# MiniMIUI Project



## Bluewall

/!\ Since people on XDA are very dumb sometimes, i decided to post it here too. I just opened my thread to see what's up and i saw this "OP GO KILL YOURSELF" in the tags  . So please, this is my first try to make a ROM project so tell me what you think but no need to be that bad. /!\

Hello everybody !

Like everyone knows, last week we had a pretty good news, the HTC Sensation is officialy supported by MIUI for the V4.

And ice on the cake, this come the 29 february !

But what about a little mod ? Isn't it sad that we only take the official update and no more fun with dev on MIUI ?

So i had an idea. What about making a minimal MIUI ROM ("MiniMIUI") where we take away all unnecessary stuffs and and with a minal theme ?
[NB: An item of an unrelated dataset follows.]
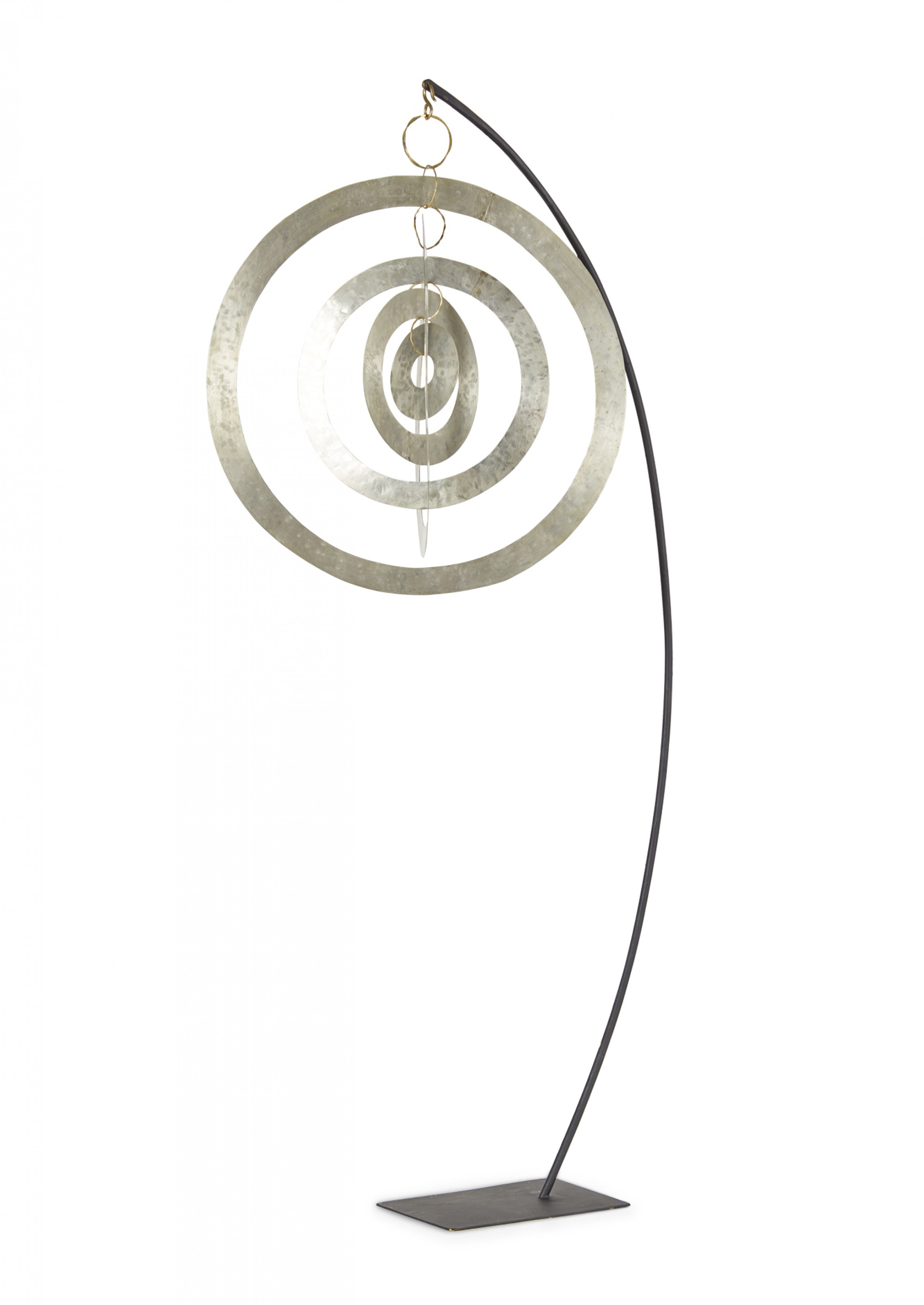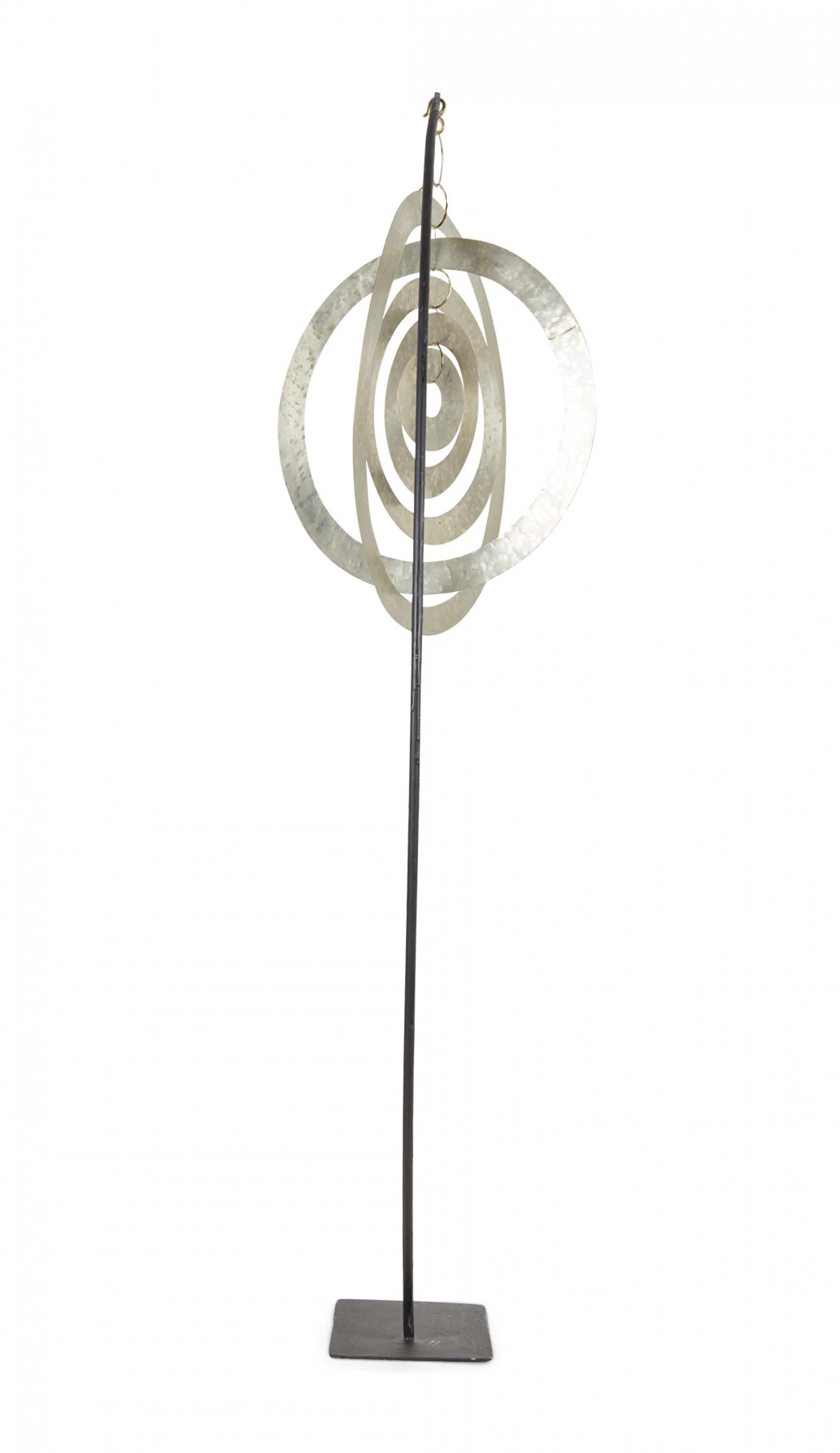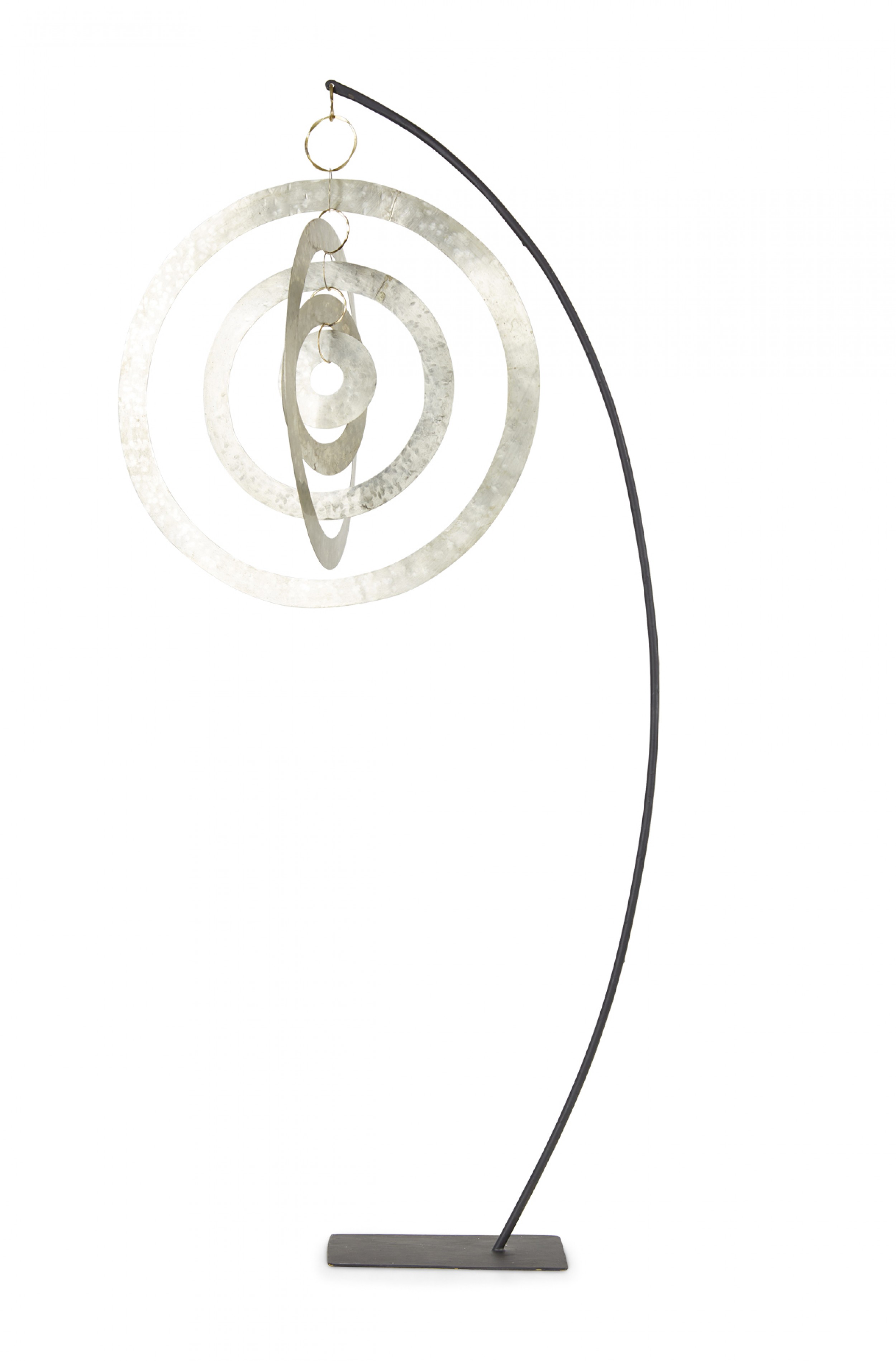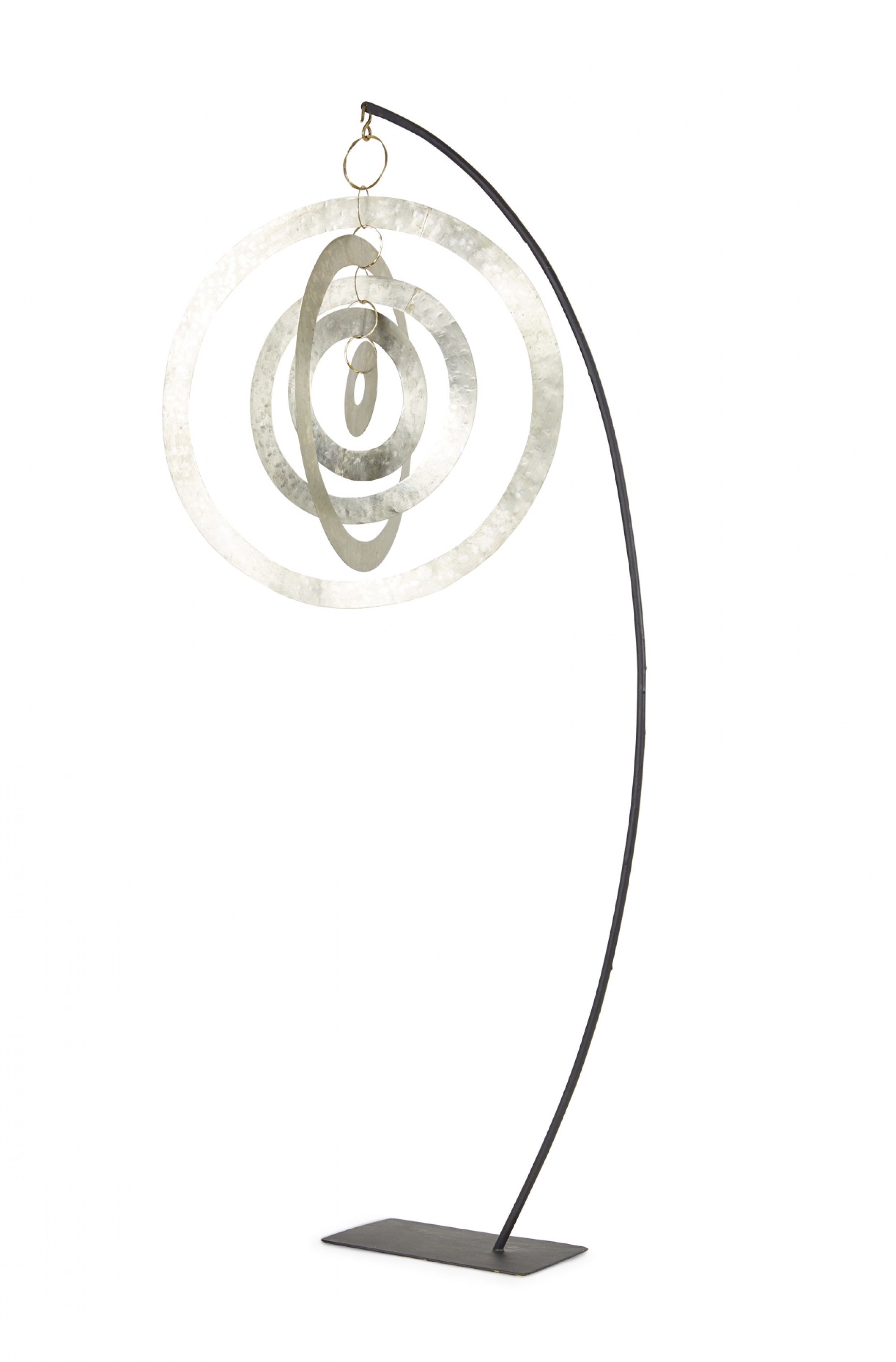 Contemporary sculpture /mobile featuring concentric hammered nickel circles and ovals suspended on a curved black metal stand titled, "Nickel Orbit Mobile," (signed, ROBERT LEE MORRIS, 2018).

If you want to have an idea of what i'm talking about, it's a little bit the same idea as HyperSensation from Kris, a CyanogenMod minial ROM.

Saddly, i'm not a dev. But i'm in Android business for like 3 years now, flashing ROM like an addict. So, i'm thinking about having a team for it. And i can be the main tester since i have pretty good knowledge about Android (and specially MIUI).

And i'm in design, i can do some goodies btw (like wallpaper, ring, etc...)

So, are you interessted in project ? I want your feedback ! And most of all, i'm searching :

- 1 or 2 dev
- 1 or 2 themer that can make our minal mtz theme

Let's the fun begin !

PS: If you're interessted, please, send me a PM (and leave something here ) 

TEAM :

- Icons and Bootanimation : hinderbrus

- Dev : kristofpetho

- Tester and coordinator : Bluewall


----------



## chukis13

Sounds like a good idea. Unfortunately I'm no dev so I'll just wait and flash. Good luck.

Sent from my HTC Pyramid using Tapatalk


----------



## fejker

I don't see the point since anyone can delete the apps that are not needed and anyone can select a theme from the large selection of themes that are available in the MIUI theme gallery (ring tones included).

OK, I get that it's more convenient to just flash a ROM that doesn't have the bloatware to start with, but I don't really see the point in having a team for this. It would be better to just spend some time designing a theme and putting it on-line.


----------



## rawdealer

Totally agree  I make themes for MIUI, but just for my own satisfaction, not to be obligated to some developer ))


----------



## Bluewall

Ok let me explain, we will remove more than app, lib files and stuff too

But thanks for your feedback







)


----------



## rawdealer

No problem....one more thing, you'll have a problem to find themer if someone else will do or choose icons instead of him







it's theme releted (themer taste ;-) )

Sent with a cold beer in my hand


----------



## EspElement

I loved the hypersensation for CM7. Have at it boys. I would give it a try.


----------



## Zehlek

rawdealer said:


> Totally agree  I make themes for MIUI, but just for my own satisfaction, not to be obligated to some developer ))


Hey can you make an Aosp ICS miui v4 theme? I tried Black Ice but it doesn't work on Miui 4


----------



## gmi0078

any news?


----------